Has anyone rented a car in Laos recently? If so from where and how much did you pay per day.

Was it a good experience or did it drive you crazy Ha Ha. 

My plan is to arrive in VTE and rent a 4x4 and make my way south to Pakse. Have I lost it or do you believe its a doable plan. I trust my driving more so than the rent a clown on meth drivers. I can control the speed and destination of the trip if I am at the wheel.

I found a place called Sixt and also Avis. Both come in at about 700usd per week. Any one dealt with either of them? 

We do want to explore the area so this seems like a good plan to us. if you have done this your feedback will be appreciated.

----------


## fishlocker

If I can make it out of VTE without knocking into too many scooters I know I'll be fine. We'll have family show us around VTE and surrounds. I'll learn the route out on 13 and head south. The plan is daytime driving only to minimize the chance of hitting an ox or three. Also the unlit bikes and those tractor wagons that are popular with the farmers. I have two of them somewhere in Laos but I'll be damned if we'll ride them off the farms. 

Rout 13 was good last time I was there and I heard the road to Kong Lor Cave was now paved. That's one place on the list this time around. 

Last time out I paid for a private van for the 10 hour trip. The guy drove like a mad man and I nearly, no I did, loose all my marbles a quarter of the way into the trip. I had the front seat  and had to keep telling my GF to tell this guy to slow the f ck down. He was obviously as def as he was dumb. He kept his brights on at night and all oncoming traffic gave it right back to him.

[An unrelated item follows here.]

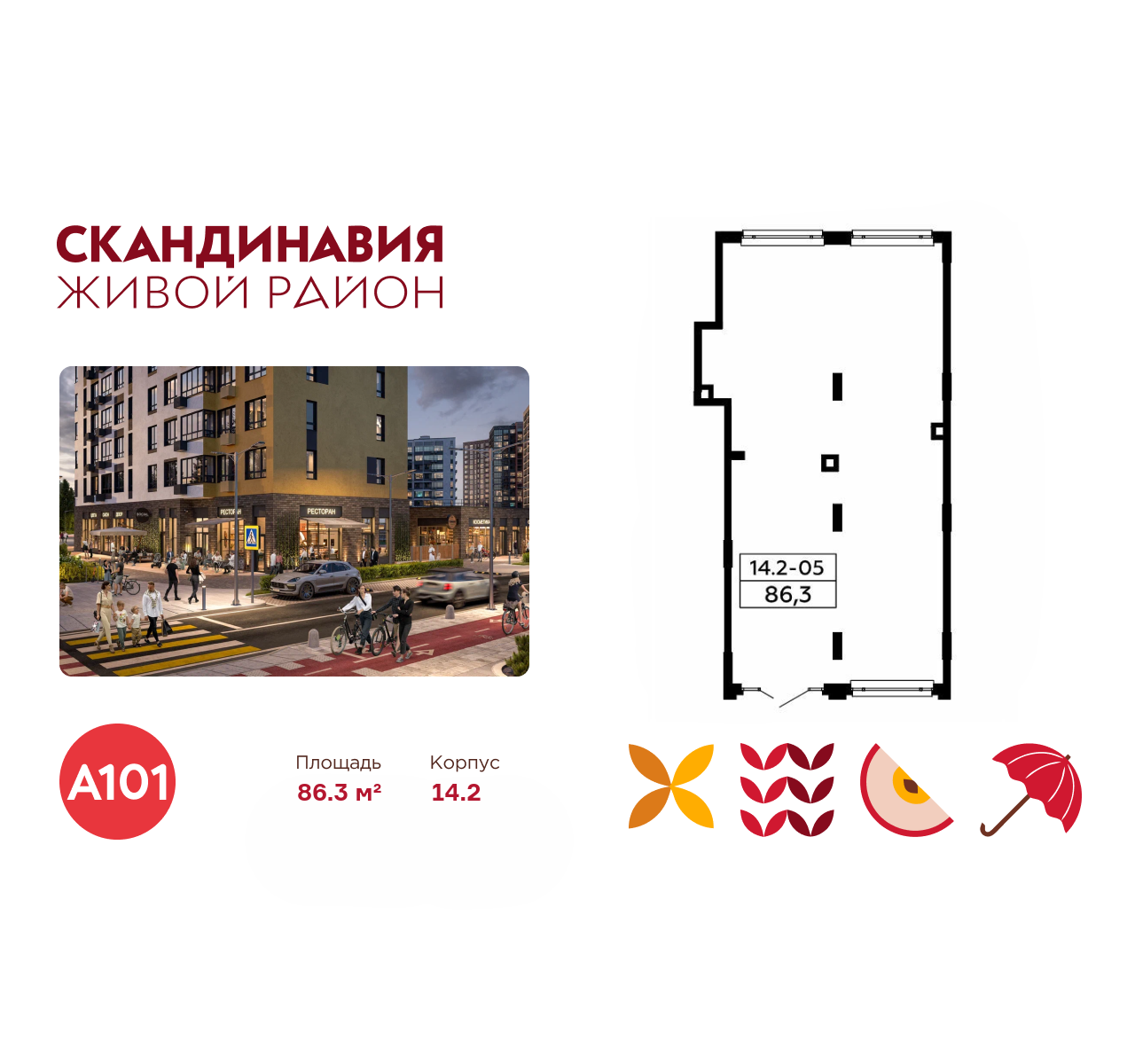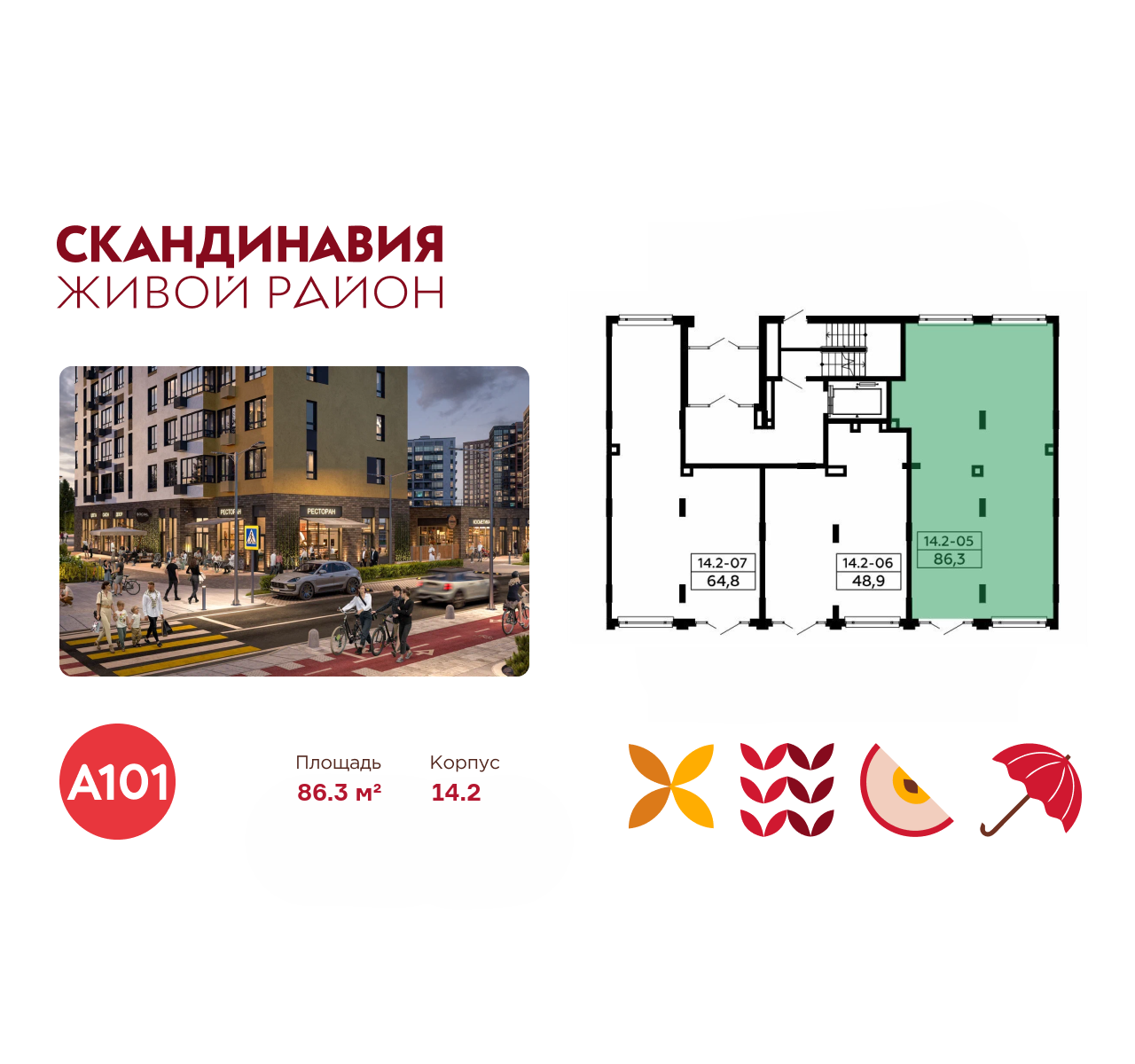 Всё это обеспечивает высокий пешеходный трафик и востребованность коммерческих объектов. Любой объект инфраструктуры «Скандинавии» находится в шаговой доступности. Многие жители не покидают локацию в течение дня, пользуясь услугами и делая покупки.

As I recall I had to take some of the duct tape out of my bag to partially cover the headlights as his low beams were shorted and kept blowing fuses so it was high beams or nothing. I found this out at a store we stopped at into the night. I swore I'd not do that again so I feel safer as the driver and will get something new to drive to avoid the bullshit and oxen.

And yes we almost rearended a truck that hit an ox. It was one of those little cab over pickups that has you inches behind the front bumper. The ox was half way into the cab in the middle of the road. The driver quickly swerved around him and kept on going without batting an eye. We may have been able to help those people be he just kept on going like a mad man. I guess If we get in an accident we can count on our bags being helped out but that's about it.

----------


## beerlaodrinker

Avis has 4 wheel drives, mostly ford Rangers , haven't hired one in years but when I used to, Avis was called Asia vehicle rental, it's still run by joe rumble but he sold out to Avis and just manages the business these days, shoot me a pm when you arrive and we will eat a couple of tilapia, washed down by beerlao, I think sixt only have little bubble cars

----------


## fishlocker

Thanks for the offer . It won't be for several months as we are waiting for winter for the get away.  I can finally prove to the little woman that I'm honestly not hooking up with Sophia when on this box. 

She has her suspicions as she fears all things Thai when it comes to hookers and lookers. I'm not exactly shure why she would think the fish would bite. I guess she sees I have the fish eye for eye candy when out in main stream. I guess she recalls what happed to her mountain neighbors to the east last time they trusted an American.  Not that we are all bad, just sayen. Ok I better watch what I'm saying before I end up at the temple drinking the implosion fluid.                    

Take care and if and when we meet don't let on that I'm really not a fish. I don't want to let the good TD members down like that. Besides I really could be................................................  the fish.

----------